Concern is spreading over the so-called "Mythos Shock" triggered by Claude Mythos, a cybersecurity-focused AI model developed by the U.S. AI company Anthropic. As AI moves beyond being a simple coding tool or a vulnerability-analysis aid and becomes an active agent in hacking attacks, calls are growing to rethink response strategies.
■ "The golden time lasts until July"
According to the IT industry on the 26th, experts are converging on the view that in the AI-versus-AI competition, it is urgent to move beyond the existing security paradigm and redesign infrastructure, while also reforming the laws and institutions needed at the government level. At a roundtable co-hosted by PwC Consulting and Democratic Party of Korea lawmaker Yoo Dong-soo on the 23rd, Sangkeun Lee, head of the Korea University AI Security Research Institute, said, "The golden time lasts until early July, when vulnerability information related to Claude Mythos is expected to be widely disclosed," adding, "The NIS should lead the effort to prepare emergency patch guidelines for operating systems, browsers and open-source software as a whole."
There were also calls for integrating the response system along with the redesign of the security framework.
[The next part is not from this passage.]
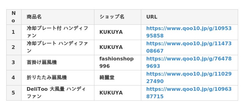 インターネット総合ショッピングモール「Qoo10」を運営するeBay Japan合同会社(本社:東京都港区、代表取締役:グ ジャヒョン)は、「扇風機・サーキュレーター」の販売数TOP5*を発表いたします。

Professor Lee Seong-yeop of Korea University said, "Cybersecurity governance needs to be made more efficient and integrated," adding, "An attacking AI does not target each ministry separately, so it is not appropriate to divide the response."
The financial sector is especially sensitive to Mythos Shock among all industries. The reason it is particularly on edge is that financial systems have evolved over decades by stacking patches on top of old legacy code. If Mythos finds vulnerabilities in old code that humans failed to notice, the entire national infrastructure could be paralyzed.
Anthropic's recently unveiled Claude Mythos is said to deliver overwhelming performance in coding, reasoning and cybersecurity, and to be capable not only of detecting vulnerabilities but also of generating actual attack code. For just $20,000, the AI reportedly broke through defenses that countless experts had spent 27 years auditing and testing, and concerns deepened after its potential for autonomous hacking, including sandbox escapes, was confirmed. Anthropic then halted public release.
■ "It must be included in Project Glasswing"
Anthropic is currently operating an early-access program called Project Glasswing for 40 companies and institutions, including Google LLC, Apple Inc., AWS and JPMorgan Chase, allowing limited access to Claude Mythos. However, because the information is shared only within the alliance in a closed format, there are concerns that countries or companies not invited to Project Glasswing could be excluded from the latest cybersecurity supply chain. The Korean government is also moving to respond, but with no Korean company included in Project Glasswing, it has yet to come up with a clear solution.
The government is reportedly seeking additional contact through corporate networks and diplomatic channels. Immediately after Claude Mythos was made public, the Ministry of Science and ICT urgently summoned chief information security officers from the three major telecom carriers, major platform companies, and firms in finance, manufacturing and healthcare for a series of meetings. The Office of National Security also called for a joint public-private-military response.